Feltus F Alex, Ficklin Stephen P, Gibson Scott M, Smith Melissa C
Department of Genetics & Biochemistry, Clemson University, 105 Collings Street, Clemson, SC 29634, USA.
BMC Syst Biol. 2013 Jun 5;7:44. doi: 10.1186/1752-0509-7-44.
In genomics, highly relevant gene interaction (co-expression) networks have been constructed by finding significant pair-wise correlations between genes in expression datasets. These networks are then mined to elucidate biological function at the polygenic level. In some cases networks may be constructed from input samples that measure gene expression under a variety of different conditions, such as for different genotypes, environments, disease states and tissues. When large sets of samples are obtained from public repositories it is often unmanageable to associate samples into condition-specific groups, and combining samples from various conditions has a negative effect on network size. A fixed significance threshold is often applied also limiting the size of the final network. Therefore, we propose pre-clustering of input expression samples to approximate condition-specific grouping of samples and individual network construction of each group as a means for dynamic significance thresholding. The net effect is increase sensitivity thus maximizing the total co-expression relationships in the final co-expression network compendium.

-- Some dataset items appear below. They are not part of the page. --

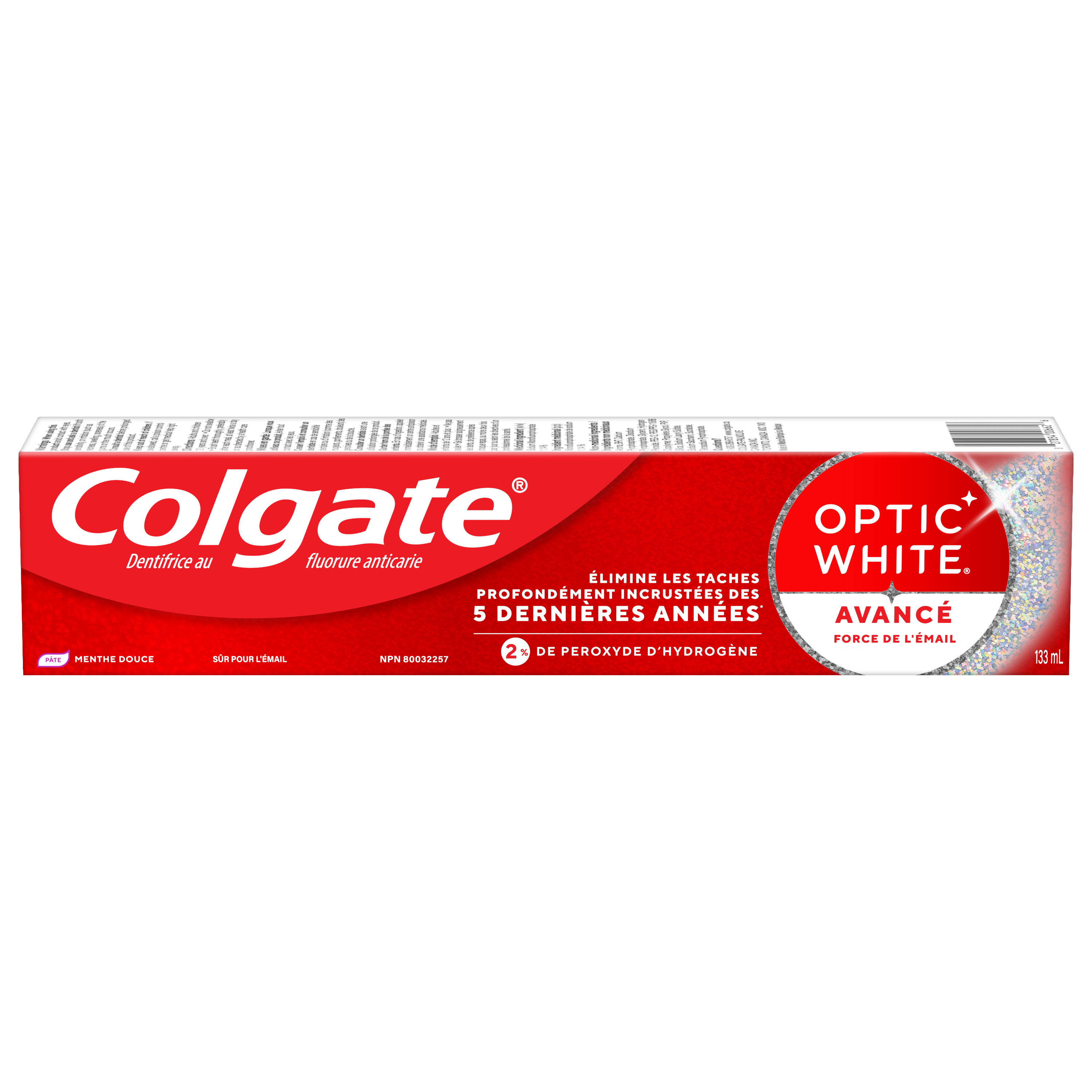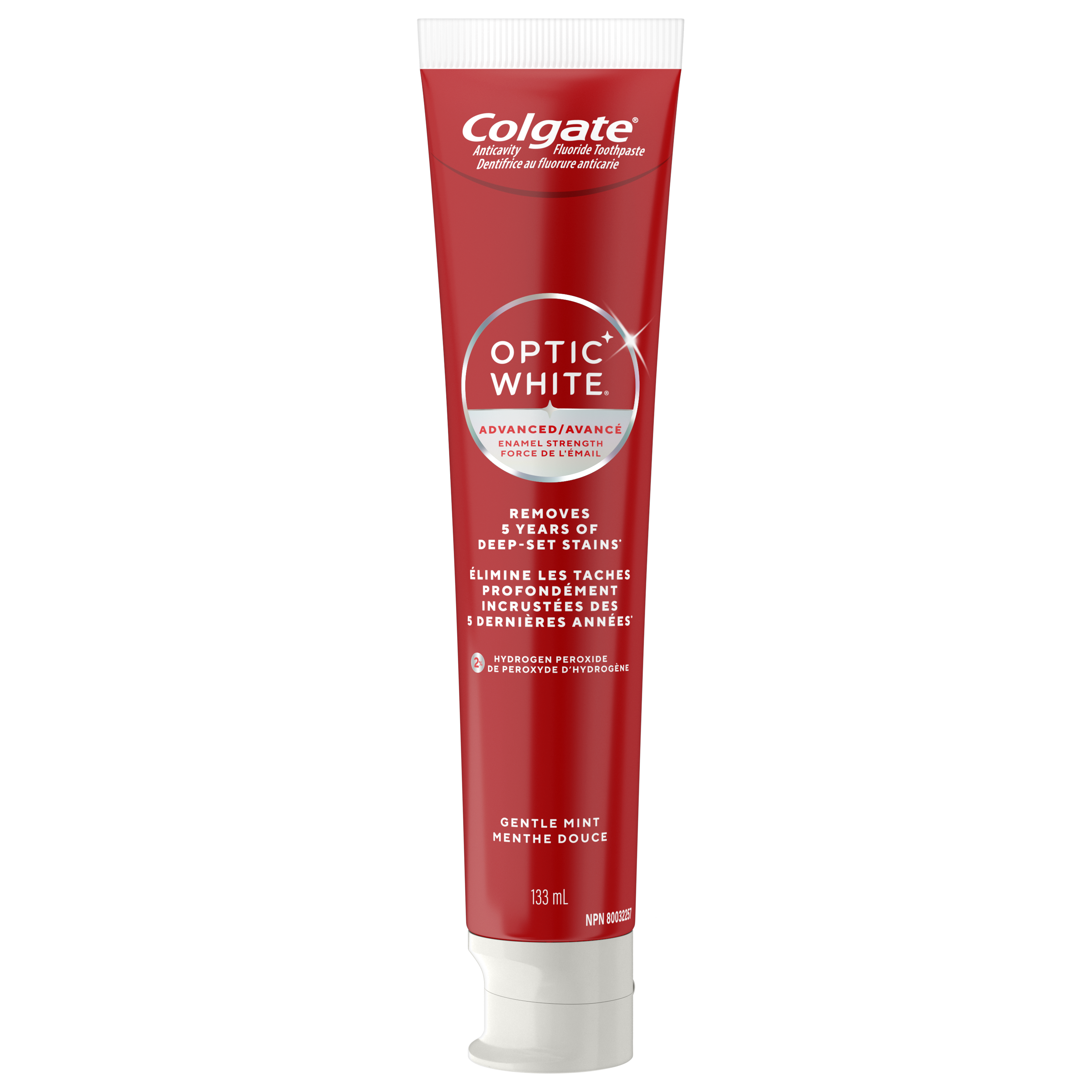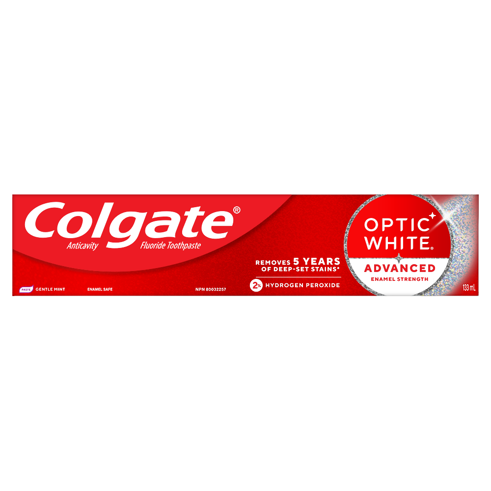 Product Title Colgate Optic White Advanced Enamel Strength Toothpaste with 2% Hydrogen Peroxide, 133 mL SKU 61030027 SKU eCommerce Name Colgate Optic White Advanced Teeth Whitening Toothpaste, Oxygenating White, 133 mL, 1 pack Consumer Unit - GTIN 00827854006626 Case - GTIN 10827854006623 Product Category Oral Care Product Sub Category Toothpaste Brand Colgate Product Sub Brand Colgate Optic White TP Consumer Unit Gross Weight 0.204 KG / 0.450 LB Consumer Unit Net Weight 0.165 KG / 0.364 LB Consumer Unit Length 42.000 MM / 1.654 IN Consumer Unit Width 232.000 MM / 9.134 IN Consumer Unit Height 51.000 MM / 2.008 IN Consumer Unit Volume 0.497 C8 / 0.018 CF Product Title Colgate Optic White Advanced Enamel Strength Toothpaste with 2% Hydrogen Peroxide, 133 mL Product Description Powered by HP Complex, our whitening formulation of Hydrogen Peroxide, Colgate Optic White Advanced toothpaste removes 5 years of deep-set stains for visibly whiter teeth*. This clinically proven whitening formula contains Hydrogen Peroxide, the same whitening ingredient used by dentists. For those who want to get visibly whiter teeth* without tooth sensitivity, our mint toothpaste provides enamel-safe stain removal for noticeable results*. Colgate Optic White Advanced is an anticavity fluoride toothpaste that whitens teeth with 2% hydrogen peroxide. Most other whitening toothpastes** only target surface stains, but Colgate Optic White's dual-action whitening formula with HP Complex gently diffuses below the surface of teeth as a deep-set stain remover toothpaste while micropolishers brush the surface clean. Colgate Optic White Advanced Enamel Strength helps protect and strengthen enamel. It’s a whitening toothpaste designed to dissolve deep-set stains without weakening enamel. Get visibly whiter teeth* without tooth sensitivity. With a delicate balance of peppermint and wintergreen flavours, Colgate Optic White Advanced Enamel Strength mint toothpaste delivers a mild sensation from start to finish. *when brushing twice daily for 2 weeks **without hydrogen peroxide eCommerce Copy <bulletlist><bullet>One 133 mL tube of Colgate Optic White Advanced Oxygenating White</bullet> <bullet>Deeply whitens teeth for up to 4 shades(1) with hydrogen peroxide</bullet> <bullet>Contains dentist recommended Hydrogen Peroxide for teeth whitening</bullet> <bullet>Goes beyond surface stains with Colgate’s patented 2% hydrogen peroxide formula</bullet> <bullet>Deeply whitens teeth inside and out, unlike ordinary toothpaste</bullet> <bullet>Enamel-safe teeth whitening, that’s good for daily use</bullet> <bullet>Fluoride toothpaste formula to protect against cavities</bullet> <bullet>Vegan toothpaste</bullet> <bullet>Sugar free and gluten free toothpaste</bullet></bulletlist> eCommerce Copy- Long Description Colgate Optic White Advanced Oxygenating White Teeth Whitening Toothpaste, Oxygenating White, 133 mL, 1 pack
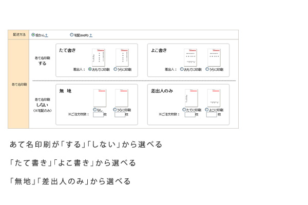 宛名印刷を「する」「しない」からお選び頂けますので、自分で宛名を書きたい方には、まとめて宅配いたします。
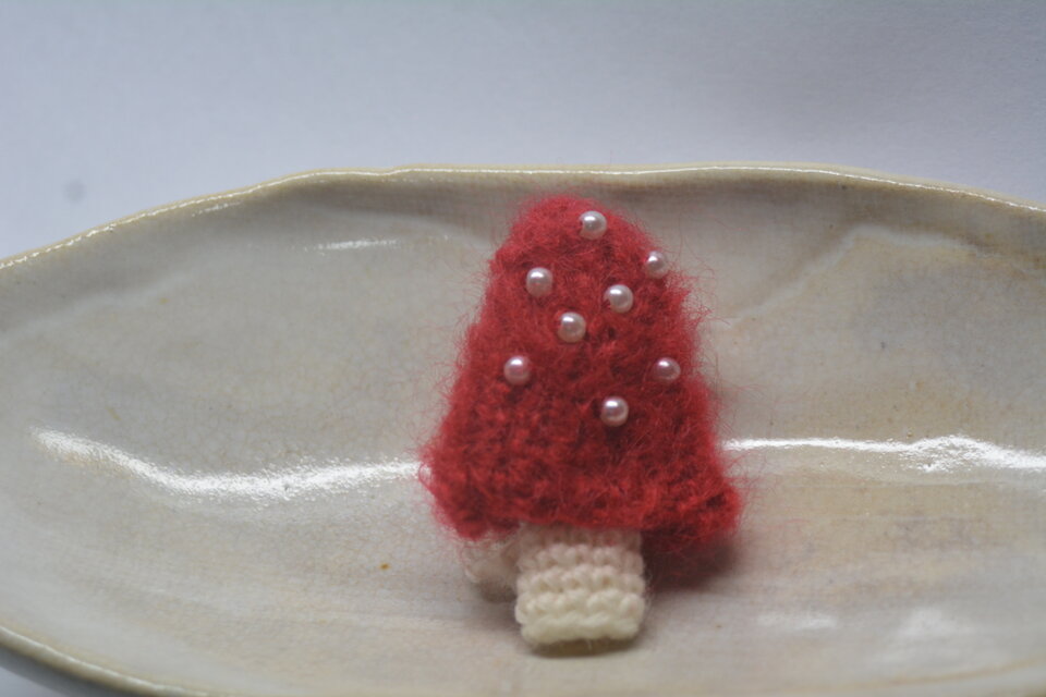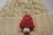 ナイロン混モヘア毛糸と ウール100%毛糸を使用して パールビーズを縫い付けています
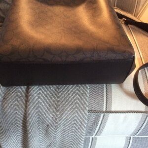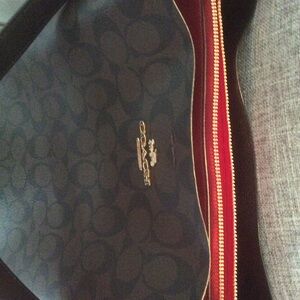 Coach bag brown with black “c’s “, only carried once, excellent condition, has 21 in strap with 45 in shoulder strap included, 12 in high, 13 1/2 in wide, red interior, zippered middle section, also has magnetic closure. Non-smoking home.
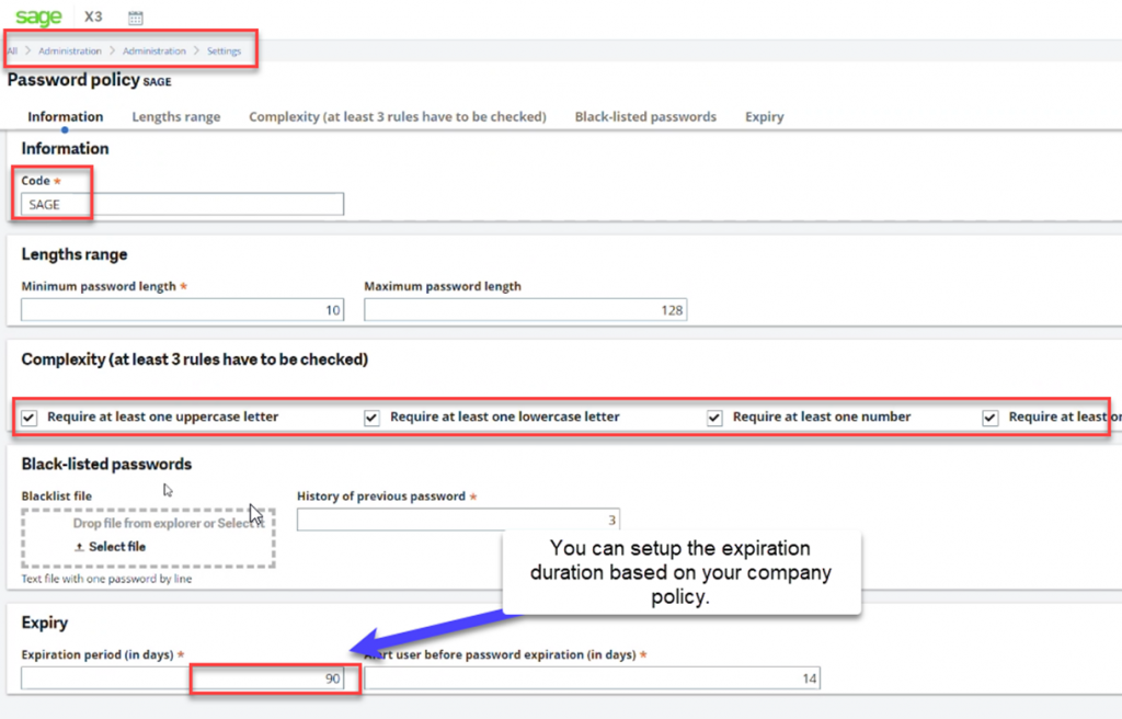 How to Configure Strong Password Policies in Sage X3 V12 P16
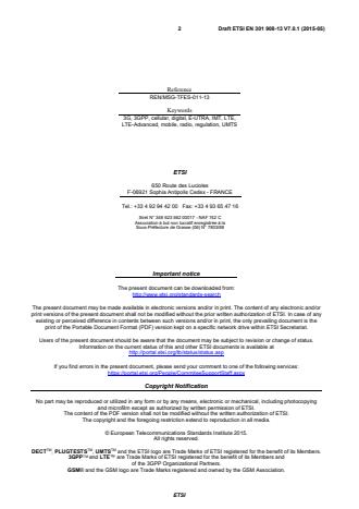 2 Draft ETSI EN 301 908-13 V7.0.1 (2015-05)
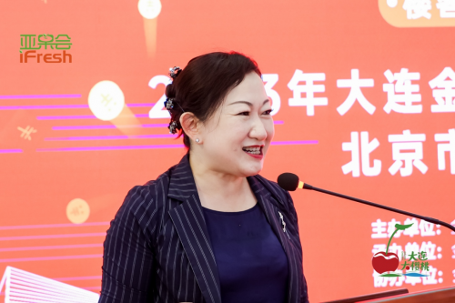 活動中,北京市海淀區(qū)委農(nóng)工委委員、區(qū)農(nóng)業(yè)農(nóng)村局副局長朱穎首先發(fā)表致辭。她不僅對大連金普大櫻桃在京舉辦展銷活動表示歡迎,同時通過本次活動令北京市民對金普新品櫻桃的品牌文化有了全面的了解,極大地豐富了海淀市民的消費需求。未來,希望大連、北京兩地加深以櫻桃為載體的技術交流合作,發(fā)揮各自優(yōu)勢,增近往來,攜手共促,兩地共同發(fā)展。

A total of 86 Arabidopsis thaliana co-expression networks were constructed after k-means partitioning of 7,105 publicly available ATH1 Affymetrix microarray samples. We term each pre-sorted network a Gene Interaction Layer (GIL). Random Matrix Theory (RMT), an un-supervised thresholding method, was used to threshold each of the 86 networks independently, effectively providing a dynamic (non-global) threshold for the network. The overall gene count across all GILs reached 19,588 genes (94.7% measured gene coverage) and 558,022 unique co-expression relationships. In comparison, network construction without pre-sorting of input samples yielded only 3,297 genes (15.9%) and 129,134 relationships. in the global network.
Here we show that pre-clustering of microarray samples helps approximate condition-specific networks and allows for dynamic thresholding using un-supervised methods. Because RMT ensures only highly significant interactions are kept, the GIL compendium consists of 558,022 unique high quality A. thaliana co-expression relationships across almost all of the measurable genes on the ATH1 array. For A. thaliana, these networks represent the largest compendium to date of significant gene co-expression relationships, and are a means to explore complex pathway, polygenic, and pleiotropic relationships for this focal model plant. The networks can be explored at sysbio.genome.clemson.edu. Finally, this method is applicable to any large expression profile collection for any organism and is best suited where a knowledge-independent network construction method is desired.
在基因组学中,通过在表达数据集中寻找基因之间显著的成对相关性,构建了高度相关的基因相互作用(共表达)网络。然后挖掘这些网络以阐明多基因水平的生物学功能。在某些情况下,网络可能由在各种不同条件下测量基因表达的输入样本构建,例如针对不同的基因型、环境、疾病状态和组织。当从公共存储库获得大量样本时,将样本关联到特定条件组通常难以管理,并且合并来自各种条件的样本会对网络规模产生负面影响。通常还应用固定的显著性阈值,这也限制了最终网络的规模。因此,我们建议对输入的表达样本进行预聚类,以近似样本的特定条件分组,并对每个组进行单独的网络构建,作为动态显著性阈值化的一种手段。其净效应是提高灵敏度,从而在最终的共表达网络汇编中最大化共表达关系的总数。
对7105个公开可用的拟南芥ATH1 Affymetrix微阵列样本进行k均值划分后,共构建了86个拟南芥共表达网络。我们将每个预排序的网络称为基因相互作用层(GIL)。随机矩阵理论(RMT)是一种无监督阈值化方法,用于独立地对86个网络中的每一个进行阈值化,有效地为网络提供了一个动态(非全局)阈值。所有GIL中的基因总数达到19588个(测量基因覆盖率为94.7%)和558022个独特的共表达关系。相比之下,不对输入样本进行预排序的网络构建在全局网络中仅产生3297个基因(15.9%)和129134个关系。
在这里我们表明,微阵列样本的预聚类有助于近似特定条件的网络,并允许使用无监督方法进行动态阈值化。由于RMT确保只保留高度显著的相互作用,GIL汇编包含了ATH1阵列上几乎所有可测量基因的558022个独特的高质量拟南芥共表达关系。对于拟南芥来说,这些网络代表了迄今为止最大的显著基因共表达关系汇编,是探索这种重点模式植物的复杂途径、多基因和多效性关系的一种手段。这些网络可在sysbio.genome.clemson.edu上进行探索。最后,该方法适用于任何生物体的任何大型表达谱集合,并且最适合于需要独立于知识的网络构建方法的情况。